# Southern Ireland



## tude (Feb 9, 2008)

well thinking of going to ireland just before easter ferry is better than i thought £243 return holyhead to dublin rosslare back to pembroke.whats the coast like wicklow and further down towards cork is it m/h friendly ? is wildcamping good . sites .prices anybody bin ? thanks tude


----------



## erneboy (Feb 8, 2007)

Tude, the east coast is quite built up but there are nice places to stay. The south coast is lovely as is the west coast. Wild camping is no problem pretty much everywhere, avoid towns and cities, Alan.


----------



## CaGreg (Mar 28, 2007)

Hi Tude,

I would avoid wildcamping in the Wicklow mountains, too near Dublin and not recommended. There are campsites at Redcross and Rathdrum http://www.camping-ireland.ie/caravan-parks/camping.php?id=20

However, on the south coast, we wildcamped at Ardmore, on the harbour front. Ardmore is on the border between Cork and Waterford.

I'm sure there are lots of places suitable for wildcampng, especially that early in the season, though I haven't a lot of experience of being on the east coast in the MH. Have a read through the Ireland Touring forum on here and I am sure you will find a list of wildcamping spots all over Ireland.

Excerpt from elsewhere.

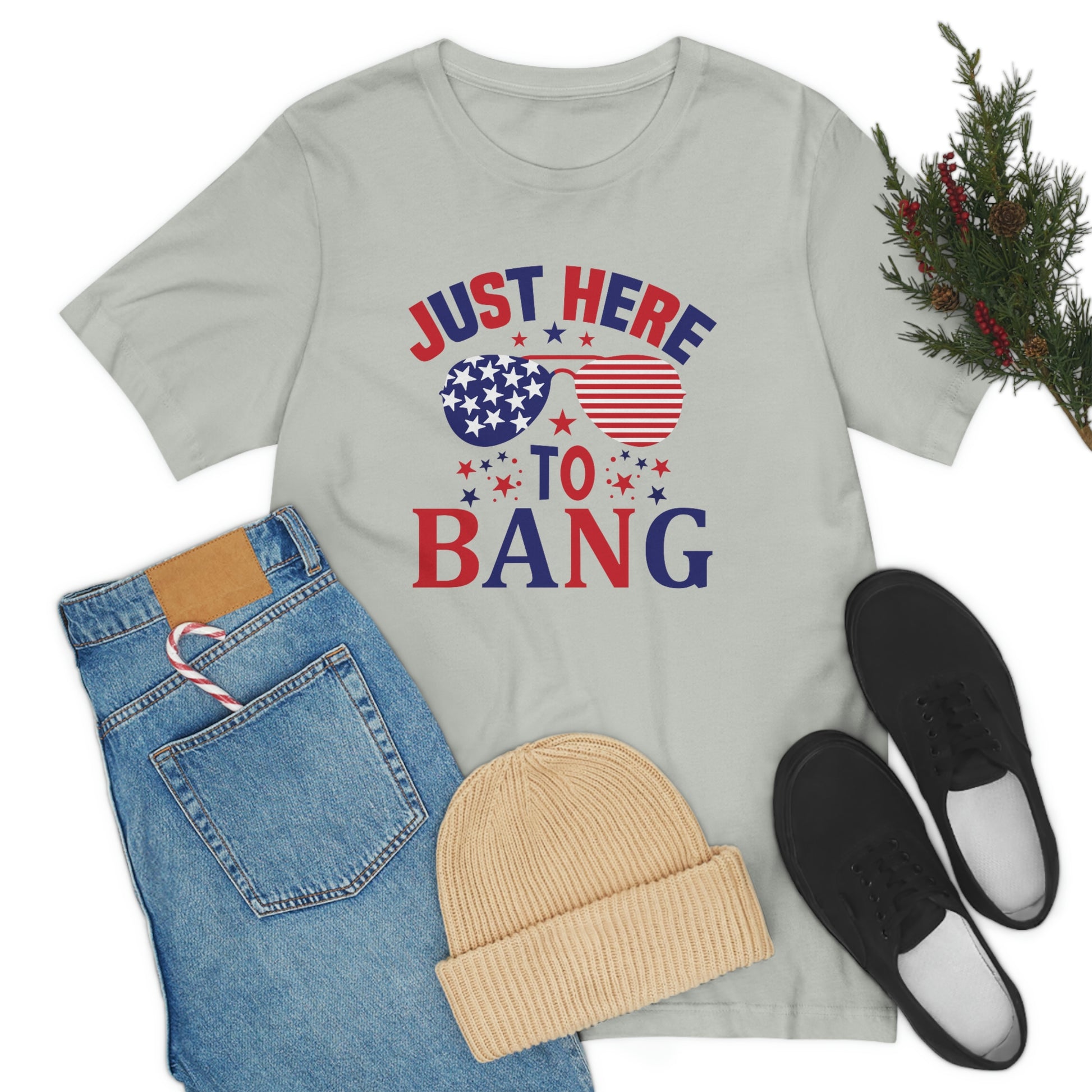 Just Here to Bang Independence Day Happy 4th of July Unisex Jersey Short Sleeve Tee
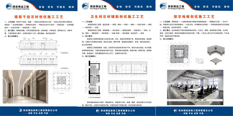 我司承接该项目政务办公精装修工程。该项目质量目标为争创鲁班奖,我司在接到项目任务后,配备专业项目管理、技术、施工团队,秉承公司一贯的“方案先行,样板引路,过程控制,一次成优”的项目管理理念,对装修图纸进行全方位深化、优化,第一时间拿出切实可行的关键部位创优深化方案,与建设方、总包方、设计单位及时沟通,提出合理化、创优化建议,在取得各方认可后,坚决执行至项目现场。现场项目部在施工中狠抓细节管理,在与其他专业穿插施工中合理安排工序,确保一次成优。

I hope you have a really great time. If you were to ask my advice, I would head straight across to the west coast from Dublin, via the M4 and in a thee hours you will have a huge choice of some of the most stunning scenery in the country. But I'm sure you have your reasons to go the way you have chosen and you will still have a lovely trip.

Ceid Mile Failte

Ca


----------



## Jean-Luc (Jul 21, 2005)

If you are visiting the South Coast try Here for an overnight. The Town Council actually welcome MH's to their town and are currently discussing the setting up an official MH parking area.
BTW across the harbour at Abbeyside, near the old Augustinian Abbey is also a nice place to park up for a night, it's possible that this area will be the eventual choice of the TC for the parking place.


----------